A home is one of the biggest investments you’ll make in your life. So if you’re planning on leasing your property, it’s important to make sure that your home is safe and sound. From maintenance to gardening, here are the top 8 things you should keep in mind when preparing to lease out your investment property.   


1. Look into local amenities. 

Melbourne is a dynamic, world-leading city – and each suburb has its own unique offerings. Consider things that would be attractive to prospective renters and buy homes close to them. Amenities like parks, cafes, public transit and other local services. For most rentals, we recommend properties within a 10-minute walk to these amenities.  


 2. Consider days on the market. 

Have a look at how many days nearby and similar properties have been on the market. This will give you an insight into how long it might take to lease the property. This is something that will be part of HomeGround’s Comparative Market Analysis. 


3. Check for water damage and efficiency.  

Water damage can be sneaky and costly. Signs of water damage can include water stains that are yellow or brown, which is common to ceilings. A pro tip is to check the skirting boards inside built-in wardrobes, particularly if they back onto a bathroom. These are common areas for hidden signs of mould or damp. If the property is an apartment, speak with the Owners Corporation to see if the property has a history of leaks from balconies or bathrooms. This can be evidence of a poor build quality.


4. Research average rents. 

Using our Comparative Market Analysis, we will help you nail the ideal weekly rent for your property. This will help you meet your financial goals and attract the best renter for your property.


5. Check for structural issues.  

Does the floor feel springy when you walk on it? This could be evidence of damage to the home’s foundation and is worth looking into. Windows and doors that stick may mean frames are no longer in square. But it could also mean the home has issues with foundation sinking in one part of the property. For timber or part timber properties, be on the lookout for any signs of termite damage or wood rot.


6. Evaluate the exterior. 

How the property presents to the outside world is important. It’s also important to assess how much upkeep will be required. Is there a complex garden that will need regular landscaping maintenance? Is there an inviting outdoor space for renters to enjoy that is also simple to maintain? Do the gutters need replacing? Are there pools or spas that need ongoing maintenance and compliance?

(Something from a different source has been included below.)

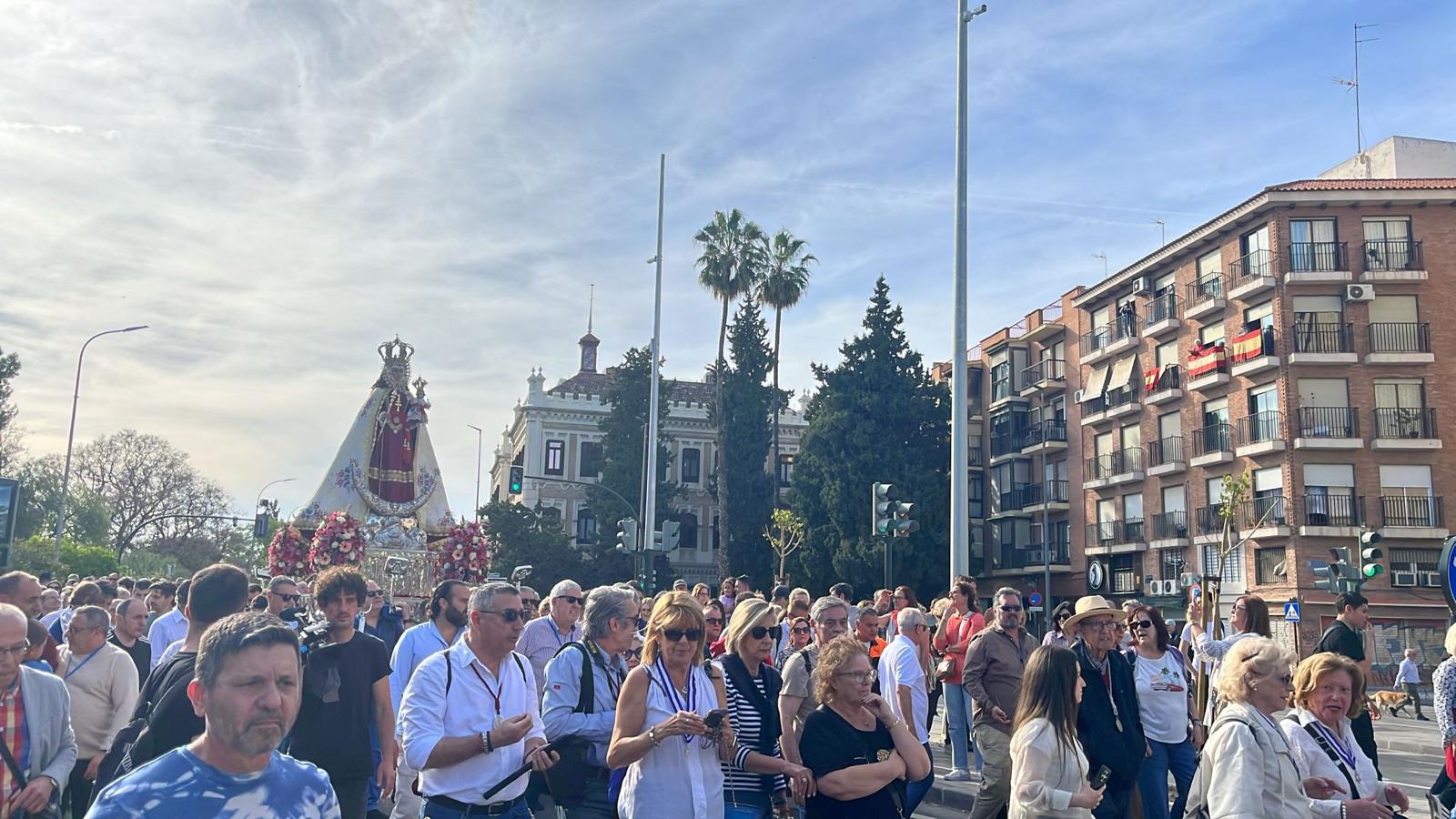 Cientos de personas acompañan a la Virgen de la Fuensanta desde su salida de la catedral

7. Check for fire hazards.  

This is a big one. The Residential Tenancies Act was extensively updated to try to mitigate the risk of fire. This means you need to have your smoke alarms, gas appliances and all electrical fittings checked often. But there are more questions to ask. Is there any debris hindering fireplaces? Were the chimneys swept recently? Or is this something you need to factor in as future maintenance?


8. Check for asbestos. 

Asbestos was a common building material for many homes built before 1990. We always recommend to have your property checked to see if asbestos was used. Depending on the type of asbestos used, you will need to take different precautions. In some circumstances, you will need a professional service to remove and destroy the asbestos.